Artist Marie-Shirine Yener made a comic for bystanders who witness anti-Muslim harassment

Impact

If you see something, say something. That's usually the message blasted over intercoms in airports and train stations, but it's often not practiced when harassment is taking place. 

This can be especially true when Muslims are harassed in public, and illustration artist Marie-Shirine Yener (under the pseudonym Maeril), made a comic strip with step-by-step instructions for bystanders to challenge it. 

The 22-year-old illustrator created the comic strip — that now has over 70,000 notes on Tumblr — after hearing numerous stories from friends about enduring racist and anti-Muslim harassment in France. The recent burkini ban controversy also motivated Yener to make the comic.

"The recent burkini bans crystallized Islamophobic hate even more and I felt like I really had to try and do something about it," Yener told Mic. "Some people don't intervene when they witness harassment, because they have no idea what to do. I wanted to change by offering clear and safe steps for the sake of the person harassed."

Marie-Shirine Yener/Tumblr

Yener said she experienced xenophobic harassment in the past mainly because she has a Middle-Eastern background. The artist is part Iranian, Turkish, Kurdish and Armenian. She also became more sensitive to injustice as a woman who is autistic.

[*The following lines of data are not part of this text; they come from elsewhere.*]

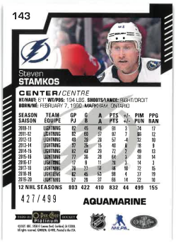2020-21 UD O-Pee-Chee Platinum Aquamarine Steven Stamkos /499 č. 143
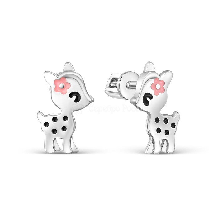 Серьги-пусеты детские из серебра с эмалью родированные - Оленёнок 925 пробы пс-0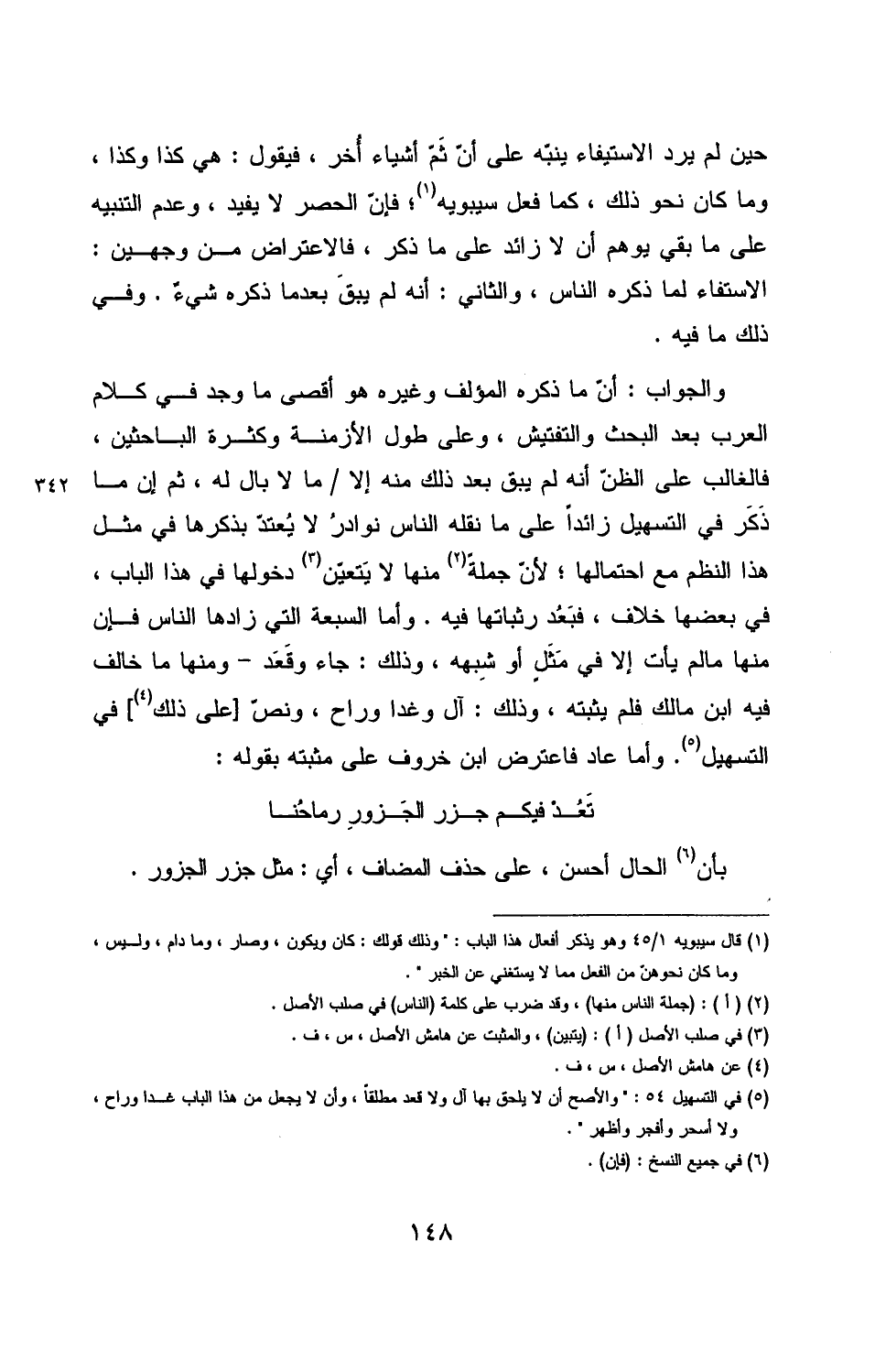 حين لم يرد الاستيفاء ينبّه على أنّ ثَمّ أشياء أُخر، فيقول: هي كذا وكذا، وما كان نحو ذلك، كما فعل سيبويه؛ فإنّ الحصر لا يفيد، وعدم التنبيه على ما بقي يوهم أن لا زائد على ما ذكر، فالاعتراض من وجهين: الاستفاء لما ذكره الناس، والثاني: أنه لم يبقَ بعدما ذكره شيءٌ. وفي ذلك ما فيه.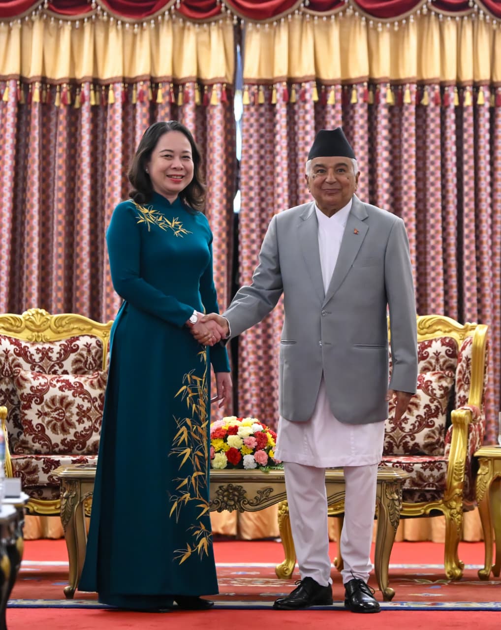 काठमाडौँ, ९ भदौ । राष्ट्रपति रामचन्द्र पौडेल र नेपाल भ्रमणमा रहनुभएकी भियतनामकी उपराष्ट्रपति वो थि आन्ह सुआनबीच आज शीतल निवासमा शिष्टाचार भेटवार्ता भएको छ।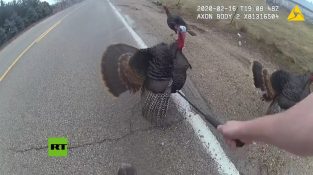 ใน Intacho สหรัฐอเมริกา, เจ้าหน้าที่ไบรซ์ Bienz ลาดตระเวนเมื่อเขาเห็นสามไก่งวงที่จะยืนอยู่ตรงกลางของถนน. เพื่อป้องกันไม่ให้เกิดอุบัติเหตุที่เป็นไปได้, พยายามที่จะลบออกจากถนน, แม้ว่า [...]
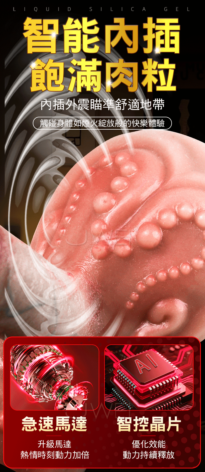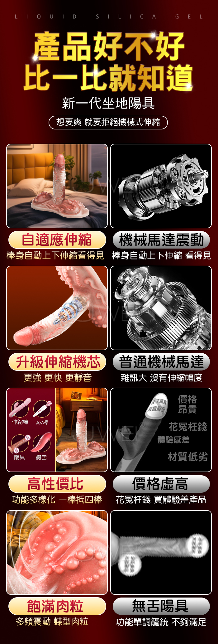 人體工學設計,全自動體感伸縮,專為亞洲女性設計,全新震動伸縮搖擺陽具 前戲生情,開發你的愉悅點,360度舒適你的歡樂點,夠大!夠粗!夠猛! 仿真復刻肉感,柔軟呵護私處,健康材質 放心嗨爽,可口含的液態矽膠! 飽滿龜頭仿真肌理,看得見的清晰紋理 摸得著的青筋褶皺 ■尺寸:大小詳如圖片標示 ■材質:液態矽膠+ABS ■特點: 6頻震動、6頻伸縮、無線遙控、加溫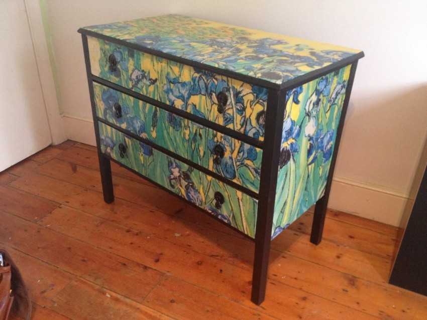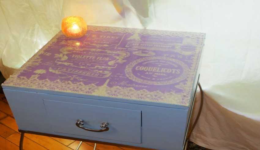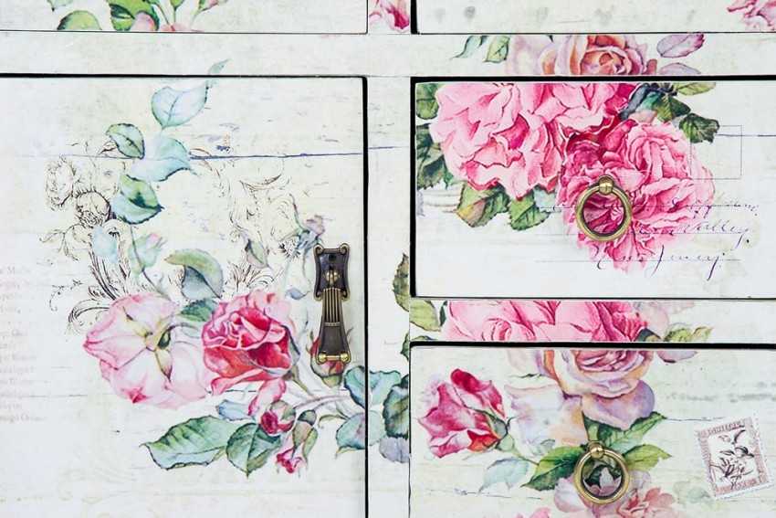 Для создания декора в стиле прованс вам понадобится лишь несколько карточек или красивых салфеток. Нанесите финальные штрихи акриловыми красками, и уникальная мебель готова.

"I get harassed in public spaces because I'm a woman, but also because I am Arab-passing and not white," Yener said. "The personal connection I have to harassment helped me find a pacifist solution to make sure there is little chance as possible for an incident to escalate to violence."

After her comic strip went viral, Yener said that she received a lot of hate mail and harassment from Facebook, Twitter and the Q&A social-networking site Curious Cat. The messages ranged from accusing her of helping terrorists to scrutinizing her for making the comic strip about Muslims when other marginalized groups deal with harassment, too.

"It made me laugh because my intention was to precisely empower Muslims, and I won't change that: this comic is for them," she said. "I, of course, encourage people to use that technique for other situations of harassment, but I am absolutely not sorry for making this about Muslims: They're easy targets lately, and are particularly vulnerable to hate in the public space."

"I'm a very spiritual person myself and deeply respect religions, and I have been standing up — through comics but also with my voice — against the Islamophobia that started growing in my country after my home, Paris, was attacked," Yener said. 

The illustrator says she won't let the threats and hate mail intimidate her, and since the 2015 Paris attacks, she won't let anyone stop her from speaking up.